А Олег Ефимович умница мужчина. Всё обустроил чудесным образом. Документы раздобыл. И ведь надо же, буквально до этого в своём доме сгорела медсестра, ровесница мне. Сгодились её документы, и стала я Карелиной Анастасией Степановной.
Лариса Григорьевна и Реваз помогли устроиться в городскую больницу. Дом для жилья предоставил Филимонов Пётр Иванович, выехавший на новое место службы из Барнаула в село Старая Барда. Хороший человек. Что не говори, а везёт мне на хороших людей.
А в начале нового 1935 года главный врач больницы Черников Григорий Алексеевич вызвал меня к себе и сказал, чтобы принимала терапевтическое отделение.

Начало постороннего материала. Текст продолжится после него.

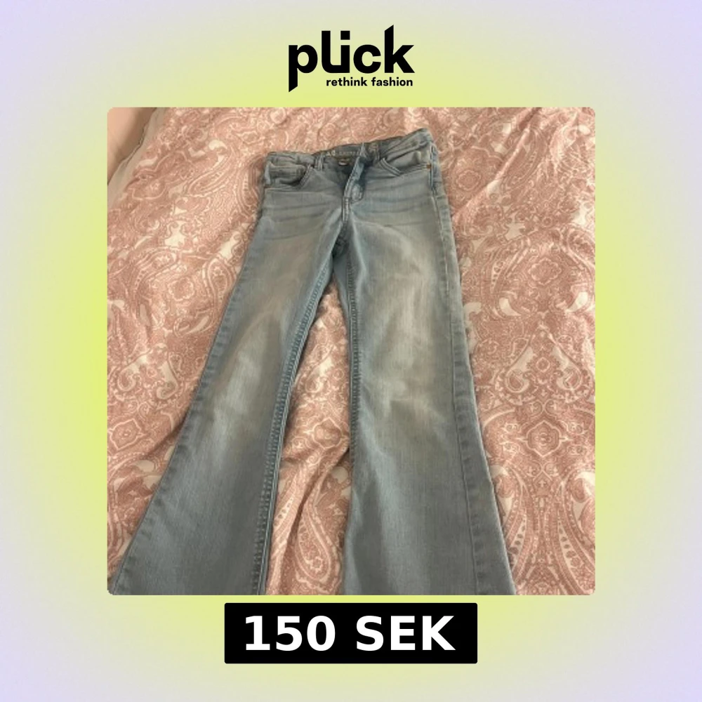 Snygga ljusblå jeans från Kappahl med bootcut-stil. De har en klassisk femficksdesign och är tillverkade i hållbart denim. Perfekta för en avslappnad look. Går att diskutera pris
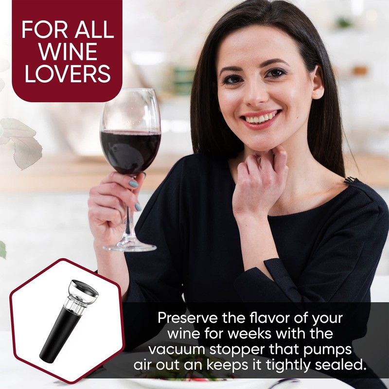 - ● SAVE YOUR LEFTOVER WINE: You can store your leftover wine with the vacuum stopper that’s included. The stopper pumps out air from the bottle to keep it tightly sealed, preserving the flavor of your wine for weeks!
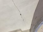 Pezzi di intonaco caduti nella navata destra della badia di Vaiano
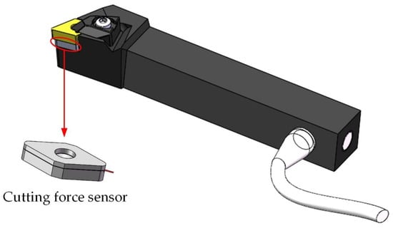 The overall structure of the embedded high-sensitivity cutting force measurement device researched in this paper included the cutting force sensor and the smart tool, as shown in Figure 1. The cutting force sensor was inserted into the smart tool instead of the tool pad. Then the tool was capable of simultaneously cutting and measuring cutting forces without changing the shape of the tool, which makes the tool have good compatibility and versatility with the machine tool system.
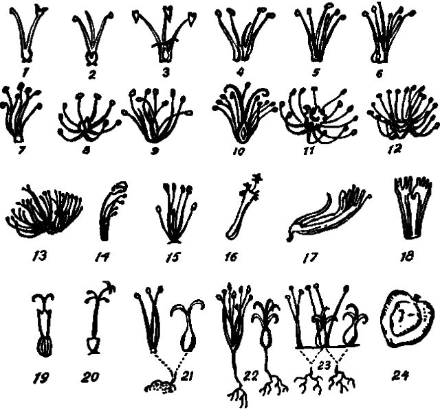 Для 16-22-го отряды устанавливаются на основании разного количества тычинок.
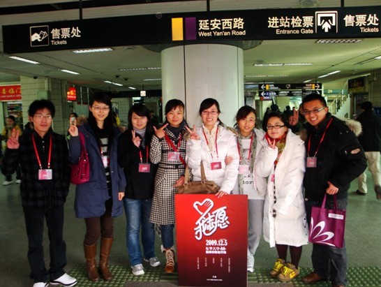 12月5号是国际志愿者日,在这一天里,服装学院研究生8名志愿者到延安西路地铁站参加志愿者日服硕09级团日活动之“地铁的速度,文明的角度”活动。大家早上九点钟就风尘仆仆的赶到了地铁站,来参加这一项有意义的活动。

Но я не врач, и у меня нет диплома врача, — ответила ему, а он мне:
— Вы, уважаемая Анастасия Степановна, лучше многих врачей в этой больнице. Давно наблюдаю за вами, а как хирургическая сестра вы просто незаменимы. И у меня в больнице работают не бумажки, а люди. Так что, принимайте отделение и без возражений. А диплом в наше время — это не проблема. Будет и диплом, и всё остальное.
Помню, уставилась на него, как баран на новые ворота, что он аж засмеялся и спросил, что это я так смотрю на него, а я ему так прямо и сказала, что сотрудники больницы могут поинтересоваться, почему я врач, а работала медсестрой. А он так спокойно посмотрел на меня и ответил:
— Кто будет спрашивать, отвечайте, что главврач проверял на профпригодность, поэтому не поставил сразу на должность врача. Вопросы тут же отпадут. А если кто не утихомирится, тех уже я поставлю на место. Уверяю вас, все вопросы тут же отпадут.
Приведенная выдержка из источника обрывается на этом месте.